What Reduces Your Business Valuation
Understanding what drives value down is as important as knowing what drives it up. The most common value destroyers that analysts identify are:
Owner dependency: If the business cannot function without you, buyers will either walk away or significantly discount their offer. This single factor depresses more valuations than any other.
Customer concentration: If one or two customers represent the majority of your revenue, buyers price in the risk of losing them the moment you leave.
Inconsistent profits: Erratic earnings are harder to value and harder for buyers to finance, which reduces both your multiple and your pool of potential buyers.
Normalisation issues: One-off costs, personal expenses run through the business, or unusual trading years can distort profit figures in either direction.

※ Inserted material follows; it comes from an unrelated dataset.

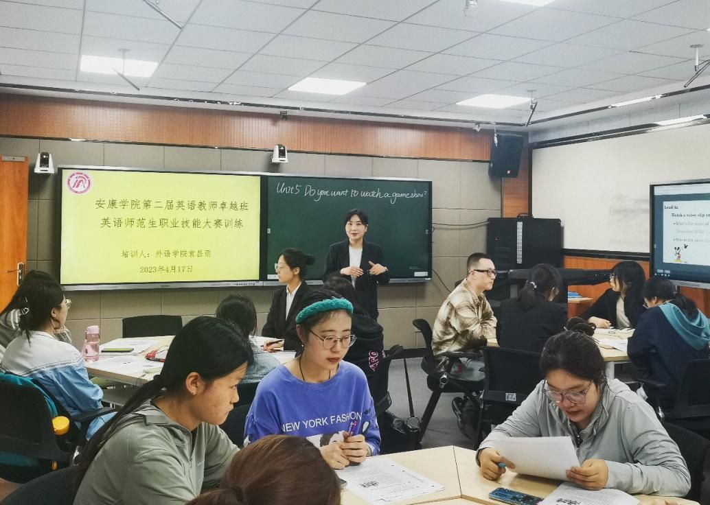 為進(jìn)一步為提高師范生教育教學(xué)技能,培養(yǎng)師范生教學(xué)實(shí)踐能力,貫徹實(shí)施《安康學(xué)院第二屆英語(yǔ)教師卓越班實(shí)施方案》,4月16日上午,外語(yǔ)學(xué)院在師范生實(shí)訓(xùn)中心4204教室舉辦第二屆英語(yǔ)教師卓越班英語(yǔ)師范生職業(yè)技能大賽專題培訓(xùn)活動(dòng)。卓越班全體學(xué)員參加了培訓(xùn)。培訓(xùn)由外語(yǔ)學(xué)院青年教師袁昌麗主講。

A dual valuation approach that normalises profits before applying multiples gives a much cleaner picture.
Poor financial records: Buyers and their advisors will scrutinise your accounts in detail during due diligence. Unclear or inconsistent records slow down deals, reduce buyer confidence, and give lawyers reasons to renegotiate.
Using Your Freedom Number in Exit Planning
Once you know your Freedom Number, get a current valuation to see how far you are from your target. Evo-Valuations Reports start from £299 (+VAT).

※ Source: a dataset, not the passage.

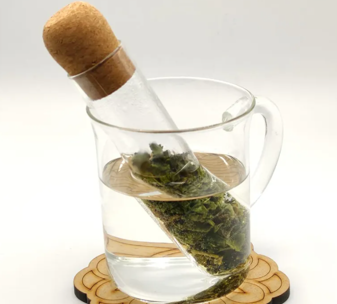 Infusor de vidrio en forma de tubo de ensayo con cuchara medidora de madera. Prepara la taza perfecta con este infusor.

Identify Valuation Gaps: Use the “8 Levers of Business Value” to close them.
Create a 3-Year Plan: Focus on profit quality, systemisation, and risk reduction. (See Exit-Ready for a step-by-step guide to getting your business ready for sale).
Review Annually: Track your progress against your target.
You can also start shaping your post-exit future now by reading The Ultimate Post-Sale Wealth Plan: How to Keep More of What You Sell For.
Pro Tip
If you’re considering an earn-out or part-exit, your Freedom Number can be lower upfront. However, your business will need to run without you for the deal to work.
FAQ section
What valuation method does Evo-Valuations use? We use the Evo-Valuations Dual Valuation Model, which combines an EBITDA-based valuation and a profit-based valuation, blended by a dedicated analyst based on the specific characteristics of your business. This gives a more complete and reliable picture than any single-method approach.
Why not just use an online valuation calculator? Online calculators apply generic multipliers without analysing your actual accounts, sector, risk profile, or financial history. They can be useful for a rough ballpark but should never be used for exit planning, where an inaccurate figure could mean selling for significantly less than your business is worth.
How long does it take to get a valuation? An Evo-Valuations report is typically delivered within 5-7 working days of receiving your financial information, with reports starting from £299 (+VAT).
How often should I get my business valued? If you're planning to sell within five years, annually is ideal. It lets you track your progress against your Freedom Number and make informed decisions about timing.
What is Business Asset Disposal Relief? Formerly known as Entrepreneurs' Relief, this allows eligible business owners to pay a reduced Capital Gains Tax rate on qualifying business disposals. Always take specialist tax advice before completing a sale.